(Excerpts from a dataset)
▬▬▬▬▬▬▬▬▬▬
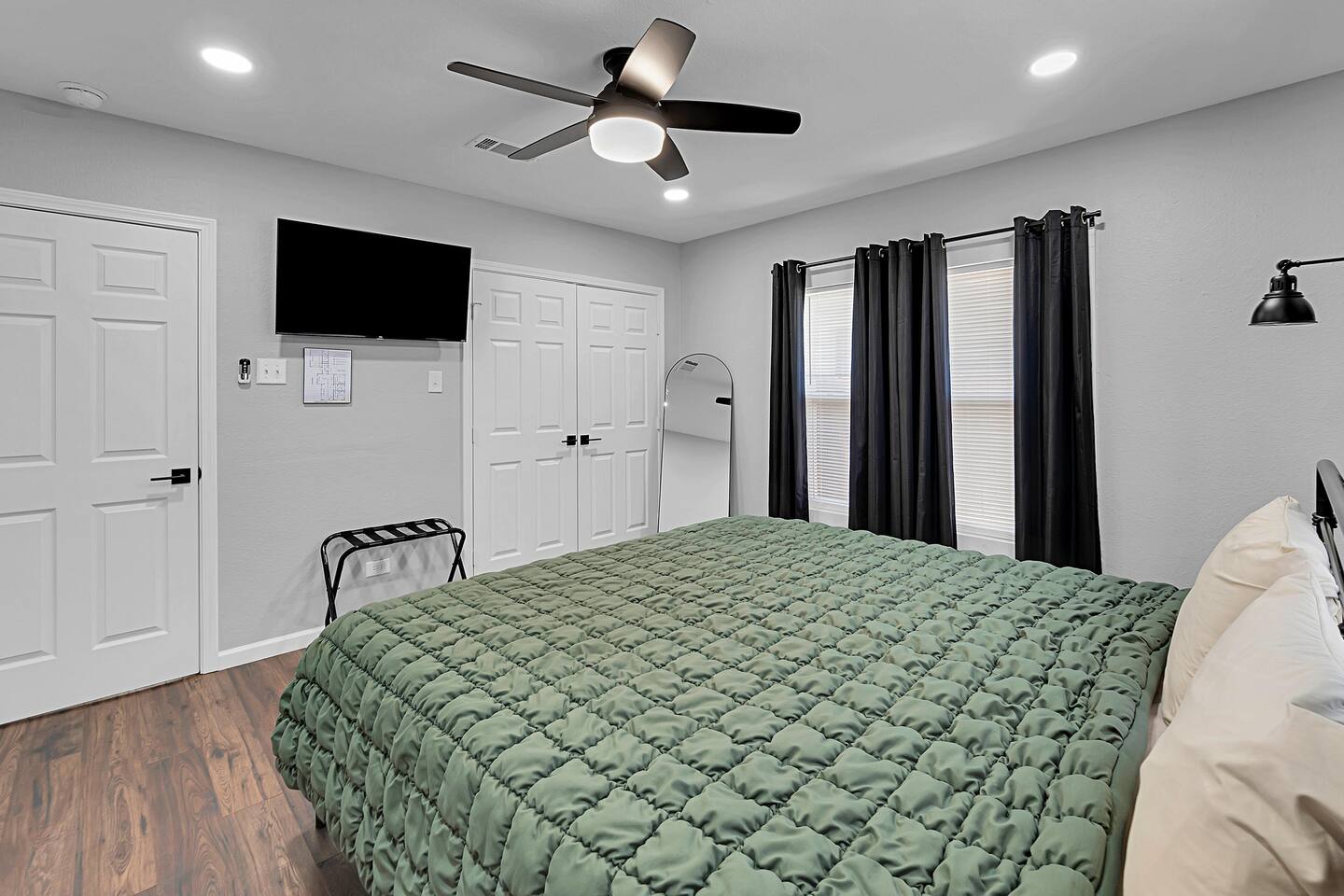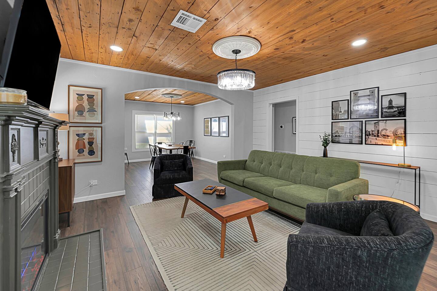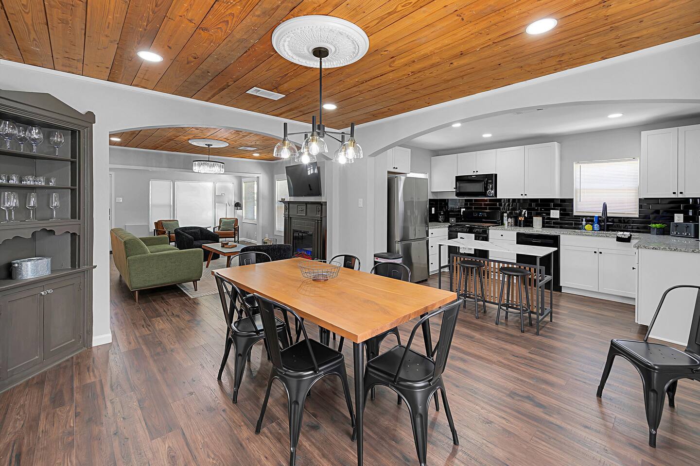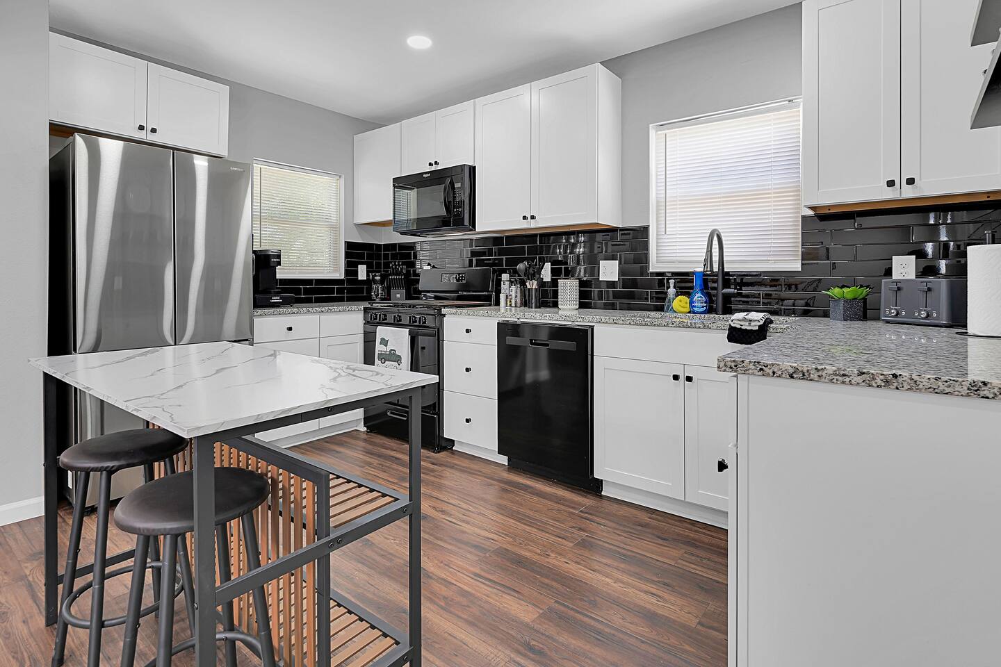 Step into the bright, open-concept living space—original shiplap, rustic wood ceilings, and a cozy new electric fireplace. The fully stocked kitchen features sleek black-and-white subway tile, granite countertops, and stainless steel appliances. Gather around the dining table for six, or relax in the spacious living area with a green velvet sofa and two inviting armchairs. Just off the main room, a bonus sitting area offers extra space to unwind in natural light—perfect for reading or morning coffee. A full-size washer and dryer are also available for your convenience. Each of the three bedrooms is designed for restful sleep, and both bathrooms have been thoughtfully updated with fresh finishes and modern fixtures. Backyard Escape The large, private backyard is perfect for enjoying Waco's beautiful evenings. String lights twinkle overhead as you sit around the fire pit, toast s’mores, or stargaze. There's plenty of room for yard games or simply lounging in the sun. Peace of Mind This home has been fully updated with new roofing, electrical, plumbing, and insulation—providing a safe, quiet, and comfortable stay. Location You’ll be close to all the best Waco has to offer: Baylor University – 17-minute walk or 3-minute drive Magnolia Market & Silos – A short drive away Dr Pepper Museum – Just minutes from your doorstep Cameron Park Zoo – A local favorite for family fun Whether you're visiting Waco for work, play, or a bit of both, this charming home offers a welcoming space to relax and recharge. Book your stay today and enjoy a perfect mix of location, comfort, and character! This is a brand new listing. Do not let the lack of reviews deter you! Check out our management page to read past reviews of fabulous stays with us. We are dedicated to providing quality stays. The Hines House is a beautiful property and is sure to be a favorite! License # STR-000532-05-2025
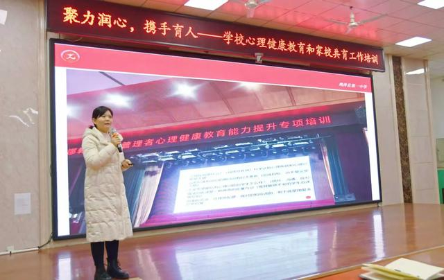 12月30日,邯郸鸡泽一中在南雅报告厅举办心理健康教育和家校共育工作培训,副校长党江丽担任主讲。校长胡贺军出席活动,全体班主任、青年教师参加。
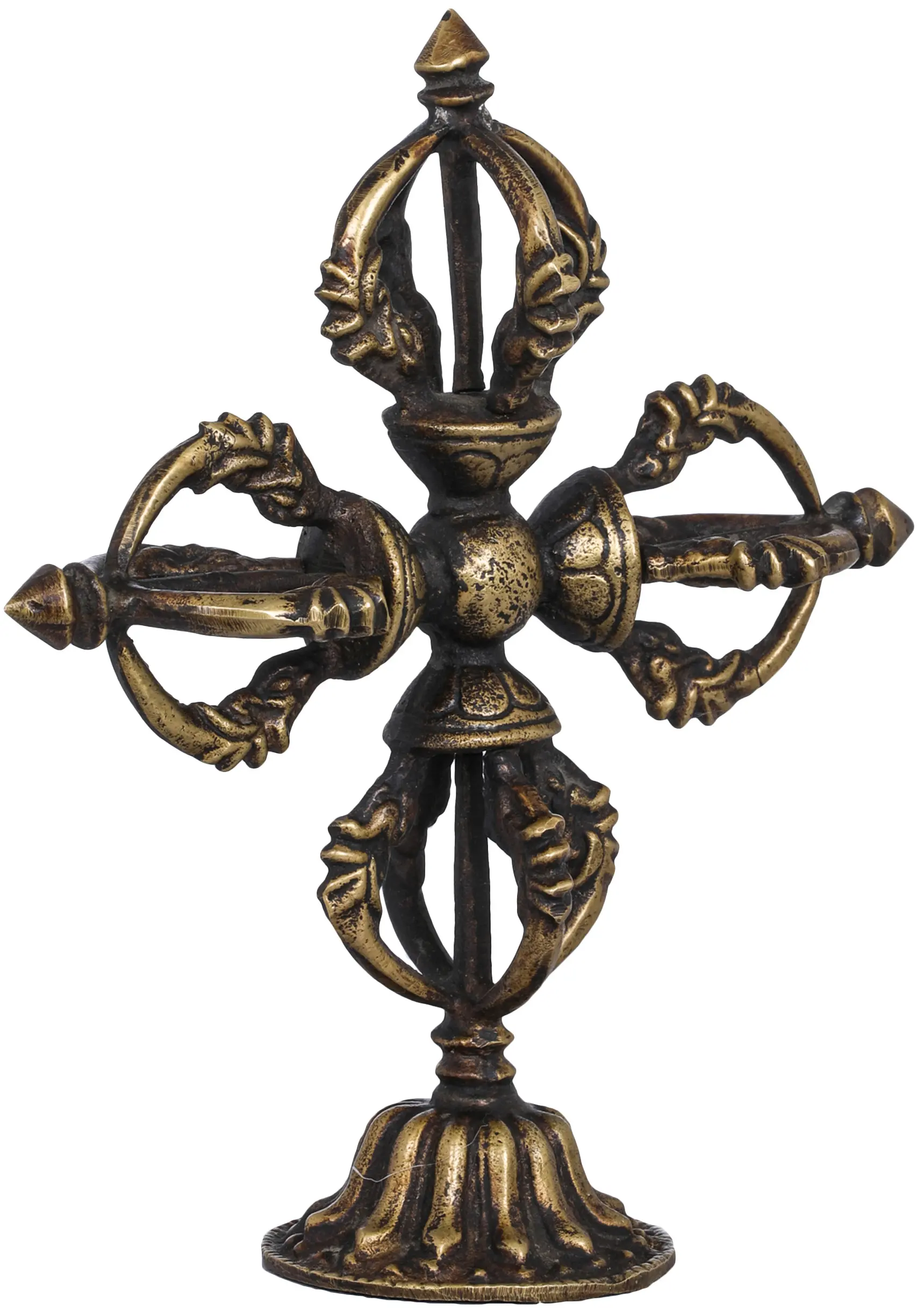 Crafted from durable brass, this statue is a testament to skilled craftsmanship. The rich, antique finish lends an air of age-old tradition and reverence to the piece. Its detailed rendering of the intricate patterns and sharp points of the Vishva-Vajra showcases the dedication of the artisan in bringing this sacred symbol to life. Mounted on a sturdy, decorative stand, it is designed to be a striking addition to any altar, meditation space, or home decor. Its compact size makes it versatile, allowing it to be placed thoughtfully on a shelf, desk, or sacred space.
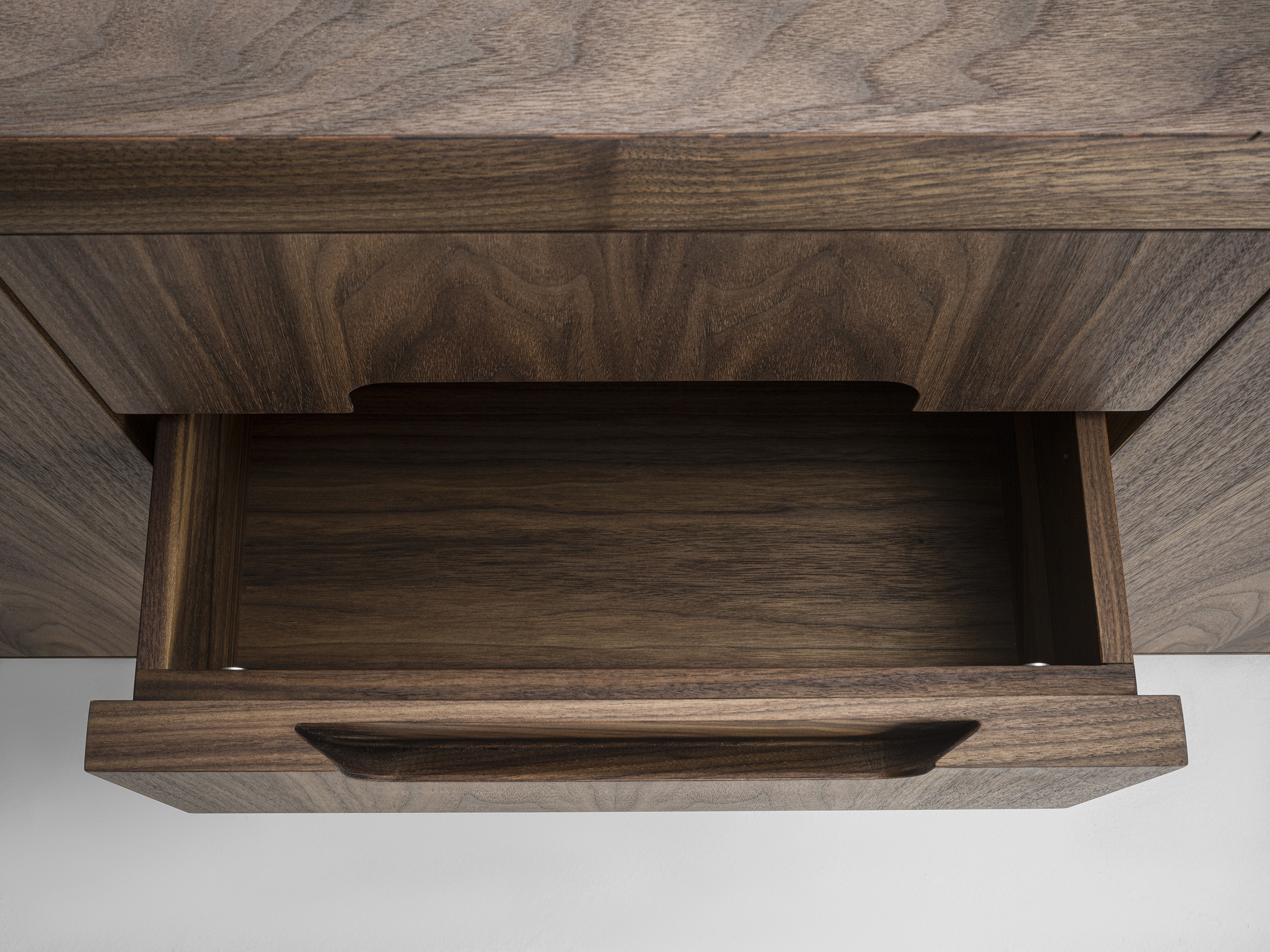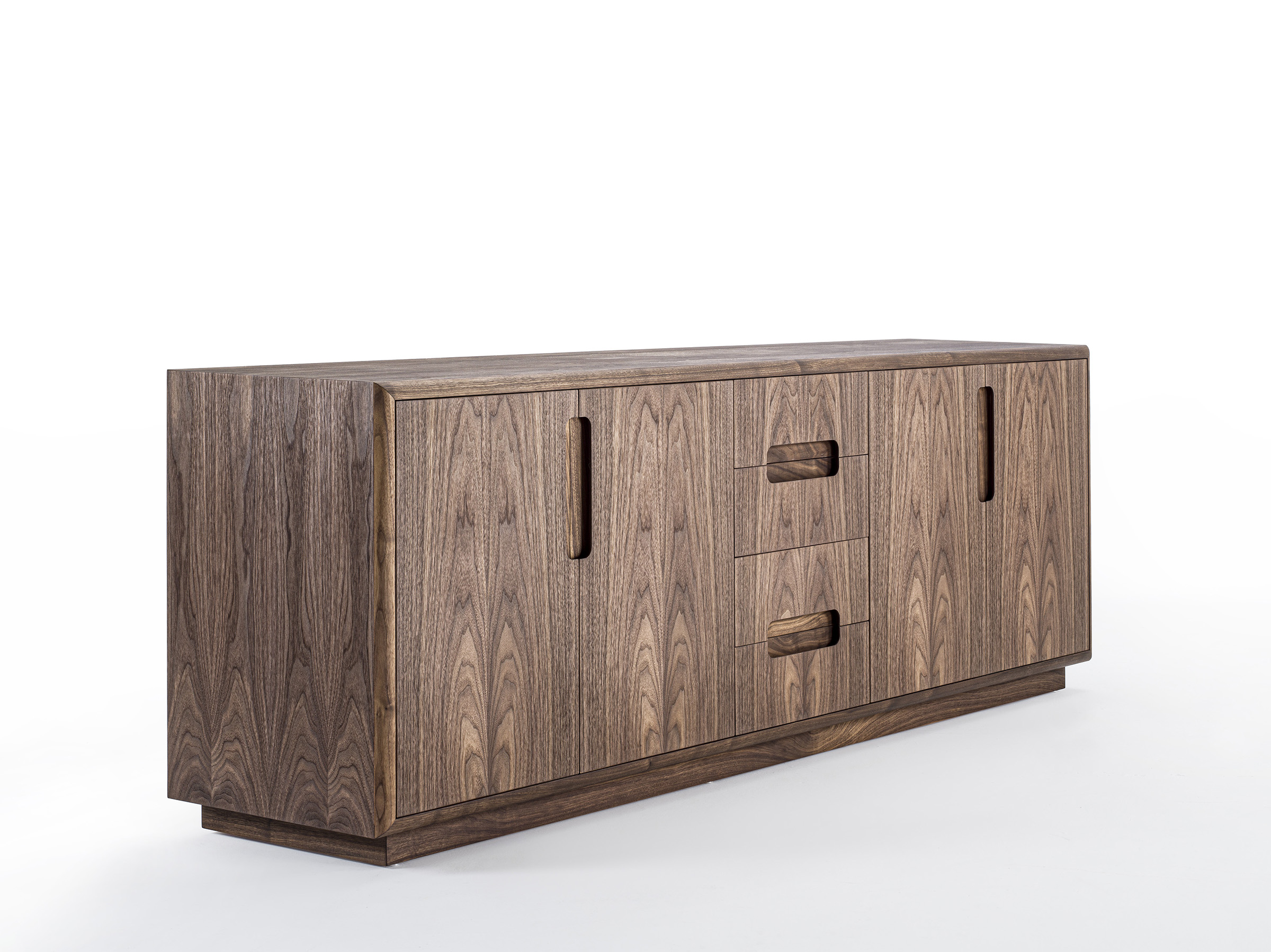 Sideboard aus Massivholz und Tischlerplatte. Ausgestattet mit vier Türen und vier Schubladen mit versenkten, geformten Griffen. Die Schubladen sind mit Schwalbenschwanzverbindungen montiert. Struktur mit abgerundeten Kanten.
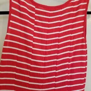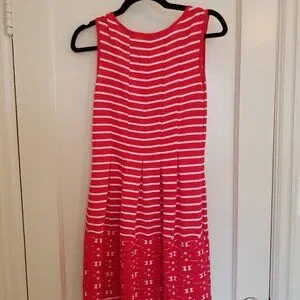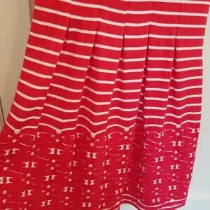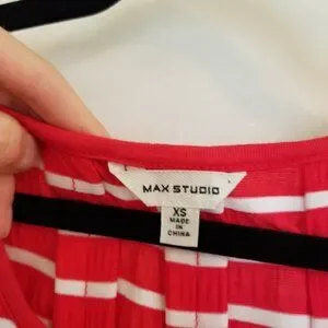 This Max Studio XS knee-length dress is so cute, with slimming pleats and well-crafted vertical stitching. It's light-weight but durable, and also machine washable! Fabric content and care instructions are pictured. Love the stretchy, breathable fabric and the pattern on the skirt! 16" pit-to-pit.
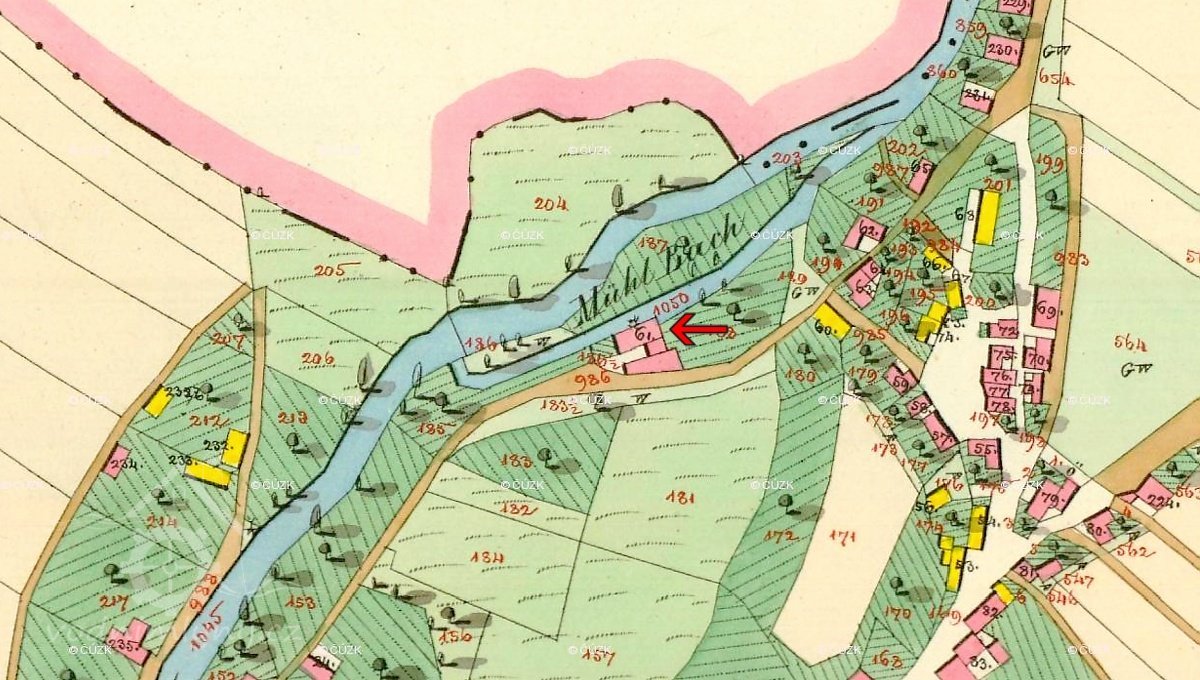 Mlýn vznikl již před rokem 1764, neboť je vyznačen na mapě I. vojenského mapování.
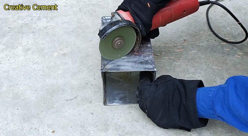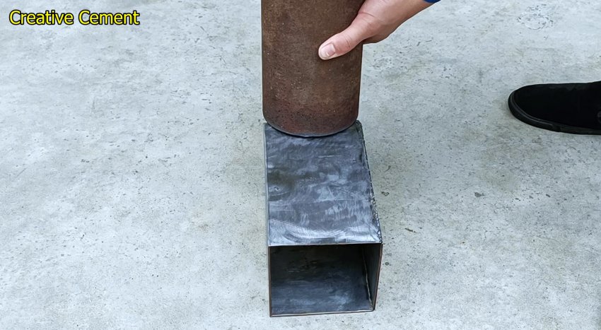 Теперь из листовой стали свариваем профильную трубу сечением 125х125 мм. С торца обрезаем ее под стыковку под прямым углом с круглой трубой.
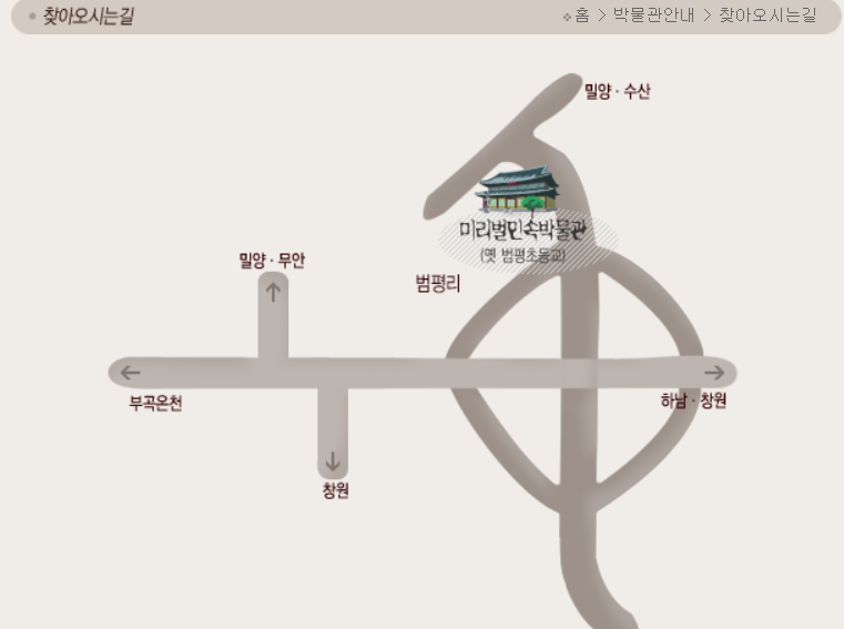 경상남도 밀양시 초동면 초동중앙로 439에 위치하고 있으며 미리벌민속박물관 055-391-2882번으로 문의가 가능합니다.
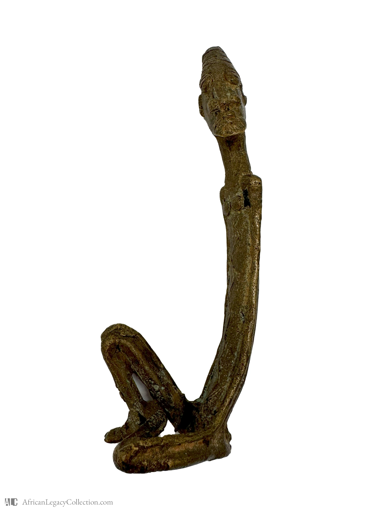 The figure is crafted from bronze using the lost-wax casting technique, a traditional method giving it a smooth finish with intricate details. Its historical context places it within the rich cultural milieu of West African societies, where such objects hold significant cultural and spiritual meaning.
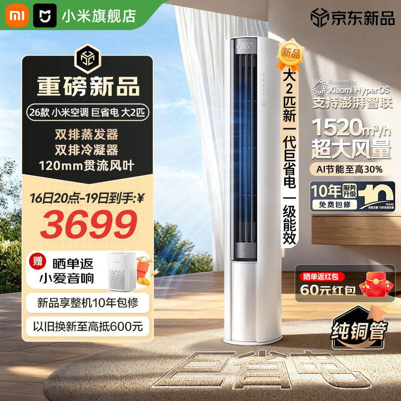 小米(MI)空调米家 3匹 巨省电Pro 大风口柜机 新一级能效 智能自清洁 智能互联 冷暖变频 家用立式圆柱柜机 大2匹 新一级能效 巨省电大风口 26款
▬▬▬▬▬▬▬▬▬▬
YOUR OBJECTIVE: Leaving out the pictures, please output the lines in the entries above from the one with "This Max Studio" through the one with "Теперь из листовой", exactly as they are.

EXERCISE SOLUTION:
 This Max Studio XS knee-length dress is so cute, with slimming pleats and well-crafted vertical stitching. It's light-weight but durable, and also machine washable! Fabric content and care instructions are pictured. Love the stretchy, breathable fabric and the pattern on the skirt! 16" pit-to-pit.
 Mlýn vznikl již před rokem 1764, neboť je vyznačen na mapě I. vojenského mapování.
 Теперь из листовой стали свариваем профильную трубу сечением 125х125 мм. С торца обрезаем ее под стыковку под прямым углом с круглой трубой.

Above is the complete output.